The artists of 'Then and Now' keep the mood light at Albany Center Gallery

As a furniture maker, Peter Leue is exacting and precise.

As a sculptor, he's a little more relaxed, creating whimsical and fun pieces.

They're kind of my toys, said Leue, of Albany.

One of Leue's most elaborate toys will be on display at the Albany Center Gallery beginning Friday, Jan. 2. That's when the exhibit "Then and Now" opens. It includes "Musical Chairs," Leue's sculpture consisting of 20 stools attached to a reed organ. Each stool is painted white or black, representing a note. When someone sits on one, the organ plays the corresponding note.

Years ago, Leue got parts and pieces of two reed organs with no real idea of what he was going to do with them. Around the same time, he helped do some work on the organ at his church, and he was inspired to put together "Musical Chairs."

"It just kind of came to me all of a sudden," he said, noting that chairs are "inviting."

The piece didn't come together quite as quickly. In fact, Leue has spent about eight years working on it.

"It's the largest sculpture I've ever done," he said.

Leue envisions one day having 10 people, representing 10 fingers, sitting and standing to play a real song on Musical Chairs.
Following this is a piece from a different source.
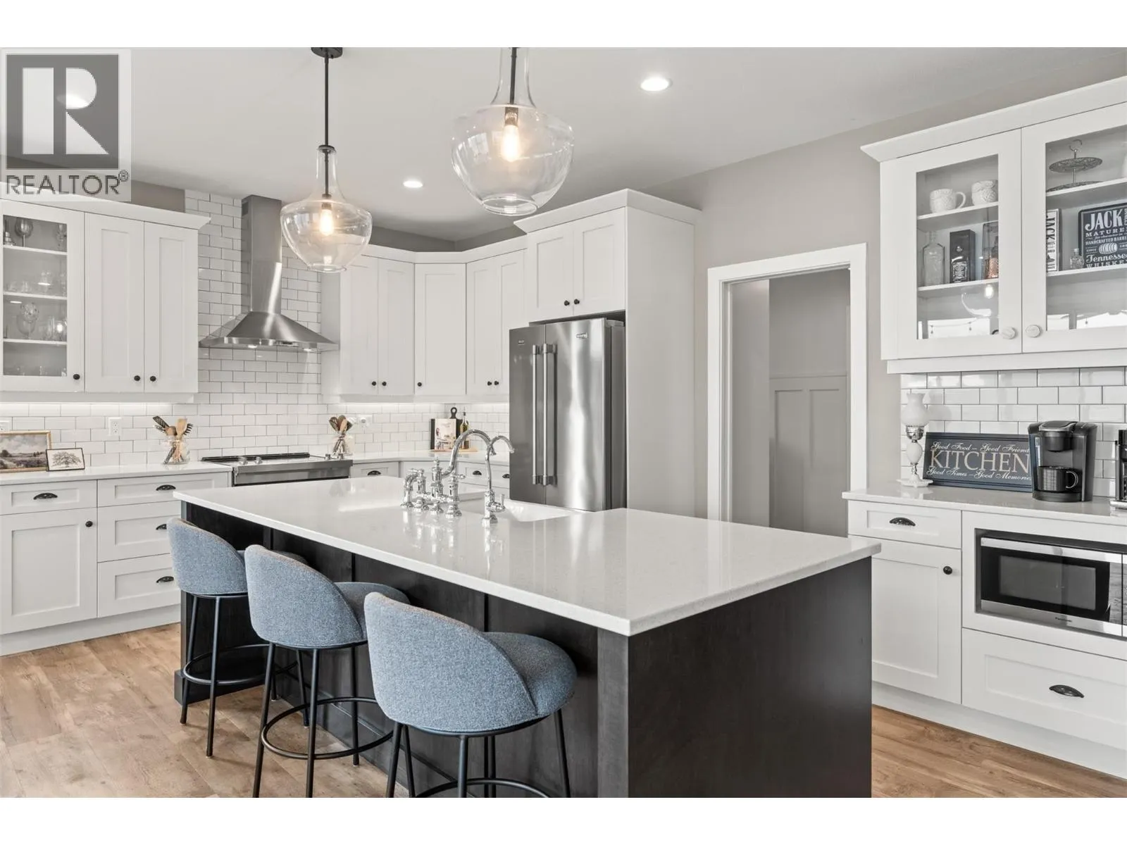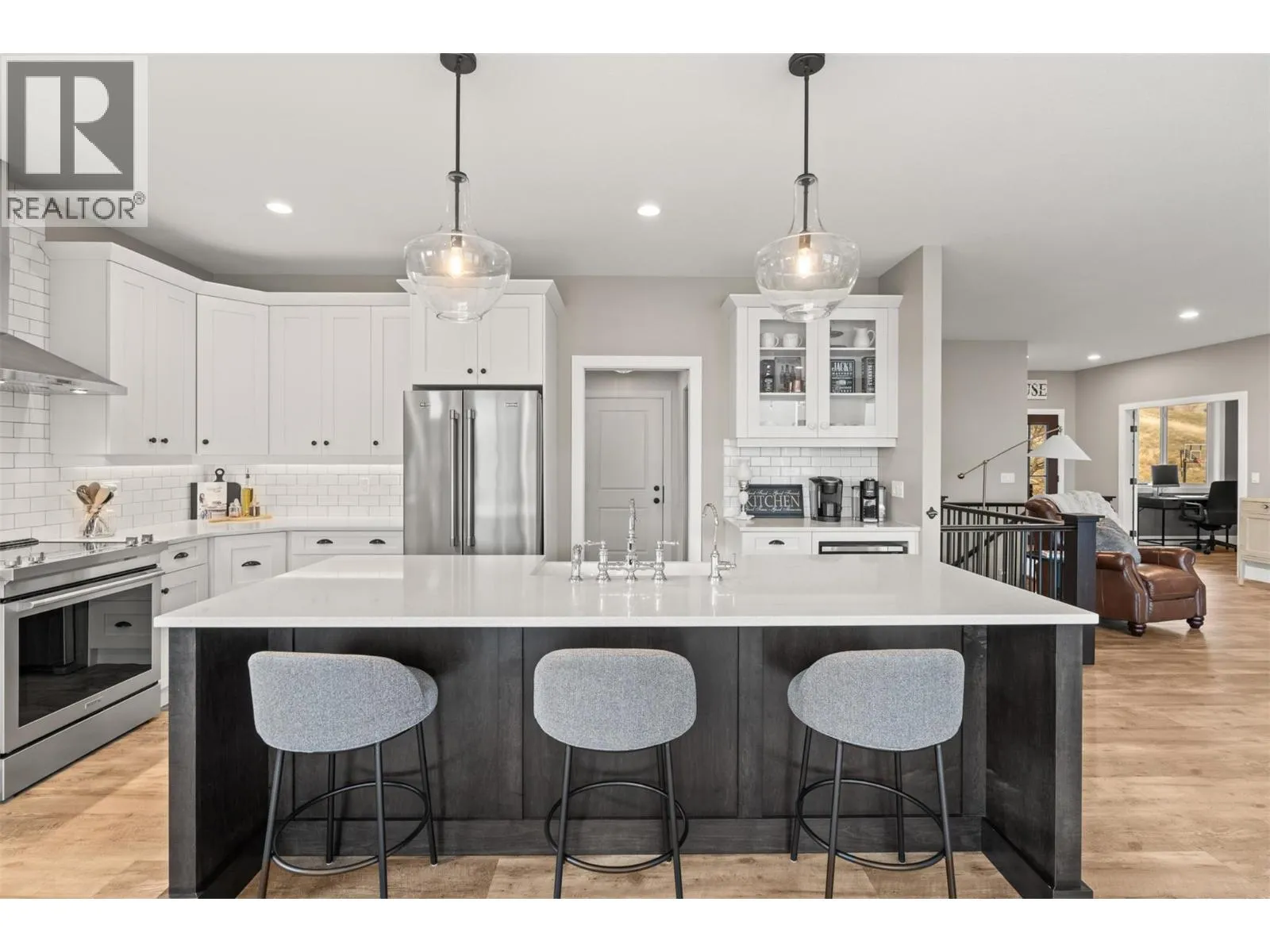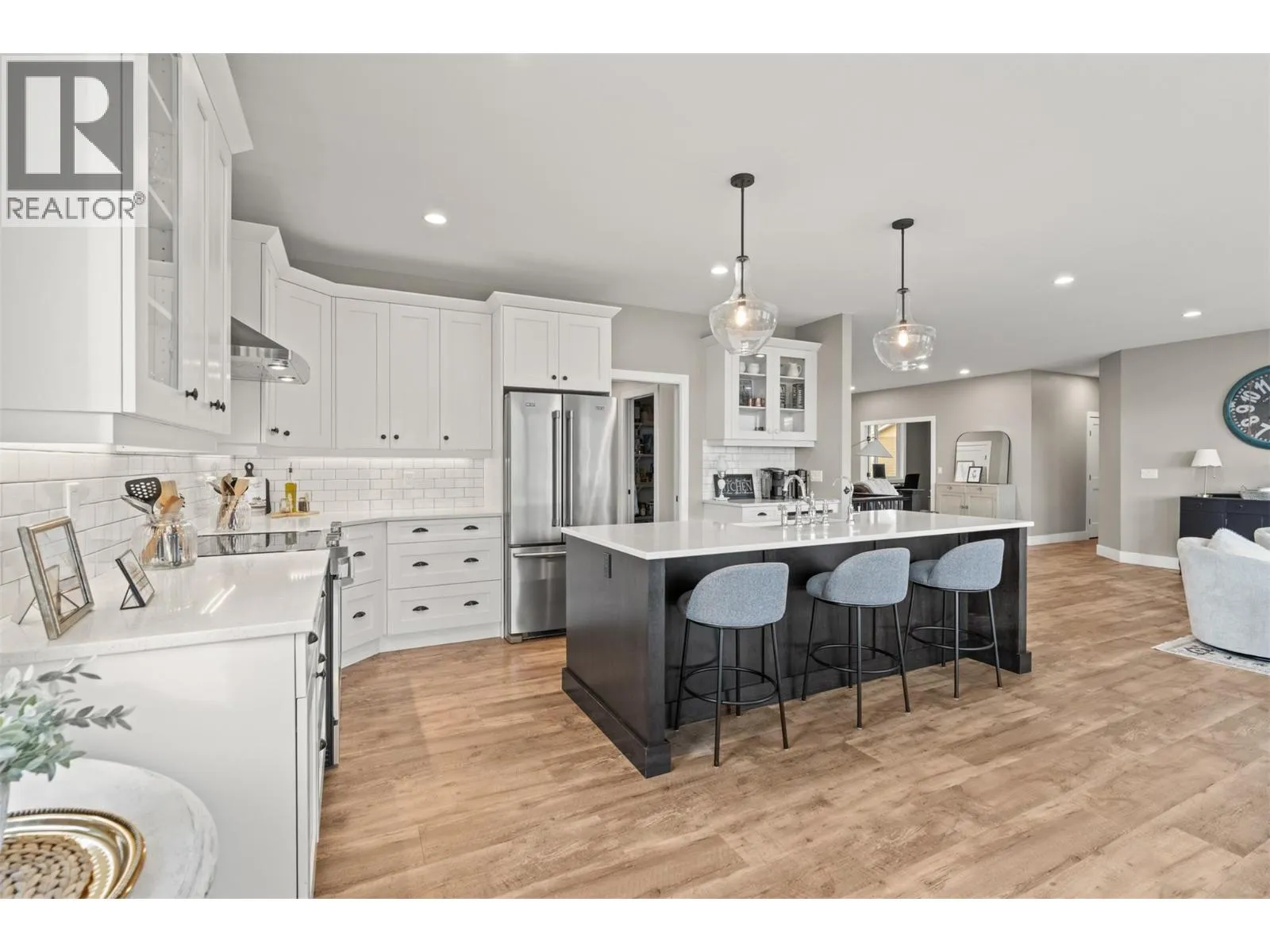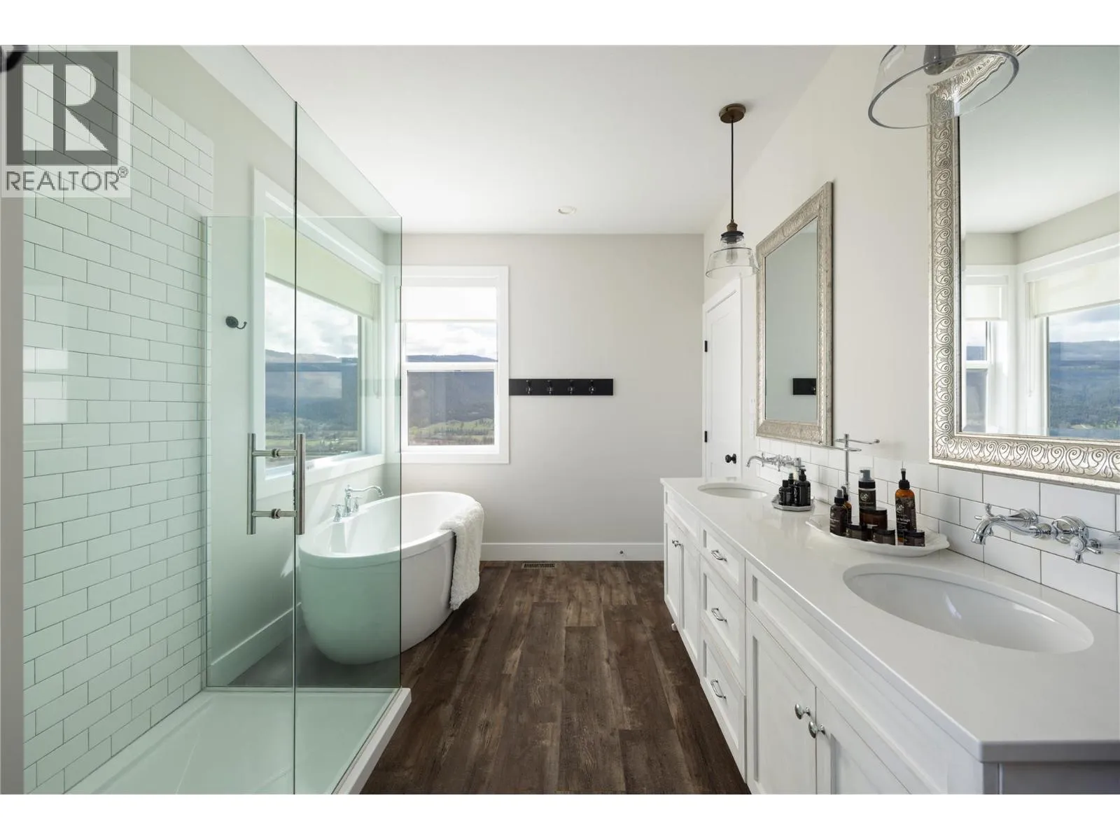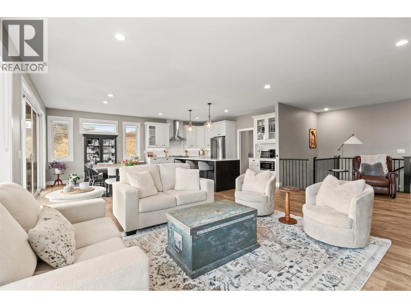 Stunning Coldstream Estate with Panoramic Views & Prime Location Situated on 5 pristine acres, this remarkable estate offers sweeping views of Kalamalka Lake and Park. Step inside to a bright, open-concept layout where the family room, dining area, and kitchen flow effortlesslyâideal for everyday living and entertaining. The living room is a showstopper, with floor-to-ceiling windows that frame the lake and park, flooding the space with natural light. The chefâs kitchen boasts a large island, quartz countertops, newer appliances, and a stylish backsplash. The primary bedroom is a luxurious retreat with stunning views, a spacious walk-in closet, and a spa-like 5-piece ensuite. Enjoy movie nights in the theatre room or stay fit in your private home gym. Outdoor living includes covered patios on both levels, a hot tub, fire pit, and space to entertain or unwind. The level-entry 2+1 bedroom legal suite offers separate living with its own furnace, hot water tank, AC, and utility metersâideal for extended family or rental income. A 24â x 32â shop with 14-foot ceilings adds function and flexibility, and the freshly seal-coated driveway enhances both curb appeal and durability. Just minutes from Kalamalka Park, with scenic trails and forested paths for hiking and running. The Grey Canal Trail borders the property, offering direct access to nature. With stunning surroundings and modern comforts, this isnât just a homeâitâs a lifestyle. (id:27476)

He would have loved to do it at the "Then and Now" opening reception, but he figured it would be a little too chaotic.

"It simply won't be heard," he said with a laugh.

But he's working with a friend through his church to compose a piece that he hopes to have performed on "Musical Chairs." Then he'll have a video to post on the Internet, which he hopes might someday attract the attention of a buyer.

In the meantime, anyone who visits "Musical Chairs" at the Albany Center Gallery is invited to take a seat and see what happens. The show runs through Feb. 7.